FINRA found that Deutsche Bank Securities negligently misrepresented and underreported the percentages of mortgages that were delinquent in the prospectus supplements of six subprime residential mortgage backed securities (MBS) issued in 2006. The firm also failed to correct errors by a third party vendor and servicers, which underreported the historical delinquency rates of the mortgages in connection with its offer and sale of 16 additional subprime MBS issued in 2007. Further, Deutsche Bank Securities failed to establish a system to supervise its reporting of required historical delinquency information.

"It is critically important that firms provide accurate information for their customers to use in evaluating investments," said James S. Shorris, FINRA Executive Vice President and Acting Chief of Enforcement. "Future returns on subprime securitizations are affected by mortgage holders who fail to make loan payments. Delinquency rates constitute material information for investors. Deutsche Bank Securities' failure to ensure that the delinquency information was accurate is an unacceptable failure to meet this important obligation."

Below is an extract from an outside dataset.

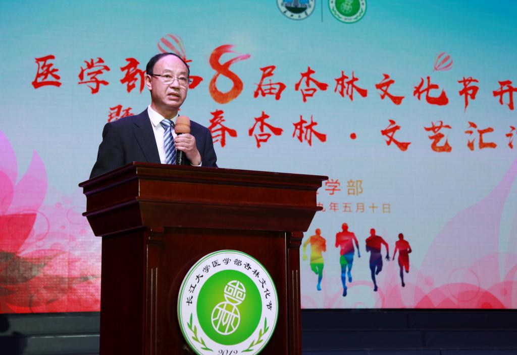在开幕式环节中,全场观众饶有兴致地观看第八届杏林文化节宣传片。医学部常务副部长任伯绪宣读文化节文件。副校长张大平发表致辞,认为长江大学医学教育经过68年的发展,与40多家医院建立了良好的合作关系,形成了由附属医院、教学医院、实习医院、社区卫生实践基地共同构成的临床教学体系,社会声誉与日俱增,张校长亲切寄语全体医学生要崇尚医德,宣扬大爱,勇做新时代的奋进者、开拓者和奉献者。

Delinquency rates constitute material information for MBS investments because that data affects the investor's ability to evaluate the fair market value, the yields on the certificates and the anticipated holding periods of each of these securitizations. Investors may consider this information in assessing the profitability of these securitizations and in determining whether future returns would be disrupted by mortgage holders who fail to make loan payments.

During 2006 and 2007, Deutsche Bank Securities underwrote subprime MBS and sold them to institutional investors. FINRA found that in the prospectus supplements of six subprime securitizations worth approximately $2.2 billion offered in March 2006, the firm described a method of calculating delinquencies that was in fact different from the method it actually used. As a result, delinquencies were underreported. For example, in one MBS deal, Deutsche Bank Securities reported that under its described method of calculation, 8.75 percent of the loans were between 30 - 59 days delinquent, corresponding to $14 million in delinquent loans. But the actual delinquency numbers computed under the method Deutsche Bank Securities disclosed were significantly higher, with 24.02 percent of the loans between 30 – 59 days delinquent, corresponding to $38.5 million in delinquent loans.

FINRA also found that Deutsche Bank Securities negligently underreported historical delinquency rates on a website the firm maintained that was referenced in prospectus materials in connection with the sale of 16 MBS.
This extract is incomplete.